Average White Band『Cut The Cake』『Soul Searching』

https://www.hmv.co.jp/artist_Average-White-Band_000000000002432/item_Cut-The-Cake-2_9487112

 

 

www.youtube.com

 

 メンバーの半数以上が白人ながらその演奏は「平均的な白人には過激すぎる」ということでこんな奇妙なバンド名を名乗っているらしい。そんなエピソードの存在が示すように抜群の演奏力を持っている。
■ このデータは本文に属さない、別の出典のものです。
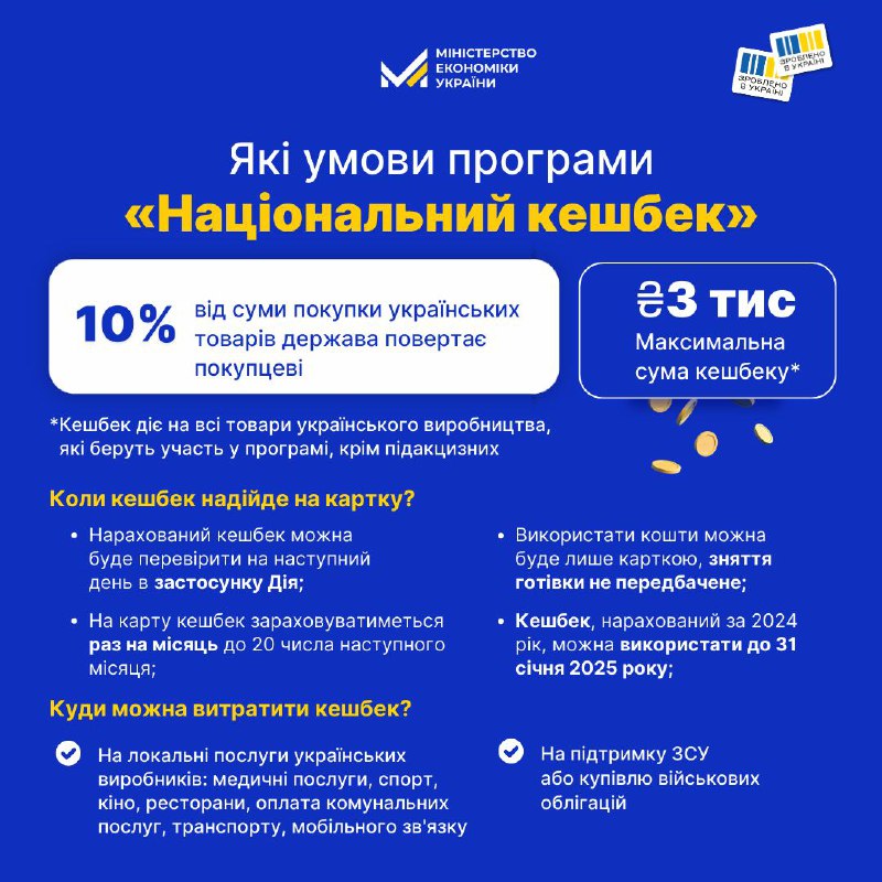 Кешбек надаватиметься на будь-які споживчі товари українського виробництва за виключенням підакцизних товарів. Зокрема, й на ліки українського виробництва.

 聴いたのは75年の3rd、76年の4th。年代的にも非常に(音楽的に)豊かな時代という印象があるが、実際の内容も超充実したソウル~ファンク作品となっている。

 

 自分が本心から気に入るということはその作品には独自の歌心があるということで(ファンク成分オンリーだとそこまで響かない)。今までの例に漏れずこの2作品にも甘さと苦さの同居した味わい深いメロディーが備わっていて、またそれらはアルバムの中盤以降で顕著になる。具体的にはどちらのアルバムも前半はファンク寄りで後半はソウル寄り。

 その上で、4作目の方がアルバム全体でサウンドに個性を付けようとしているように感じられる。ジャケットが象徴するようにムードはダークで内省的。音の響きはより密室的になり、もこもこしている。テンポは少し落としてじっくりねっとり聴かせる。またアルバムの構成も凝っていて、各面ではじめの曲と終わりの曲に共通のメロディーを採用し音楽的なまとまりを作っている。

 ということで、アルバムトータルでは4作目の方が完成度が高いと思うが、各楽曲の充実度合いで言えばどちらもほぼ同じくらいです。カンストしてます。とにかく曲がいいです。演奏だけじゃない。なんか知らんけどめちゃくちゃ曲が書けている。

 

 非の打ち所がない。歌ものも良いけどファンクだってもちろん良くて、バンドの代表曲らしい「Cut The Cake」の切れ味といったらないし、「Love Your Life」のグルーヴの粘りも凄まじい(A Tribe Called Quest「Check the Rhime」の元ネタの一つでもある)。

 名盤ですね。個人的な今年の年ベスにも入ると思います。というかこれだけ良いのに70年代とかのリストに入ってこないのなんなんだ(見かけてたらもっと早く聴いてたよ)。それだけ70年代には特別な作品が多くあったということですね。恐ろしい。。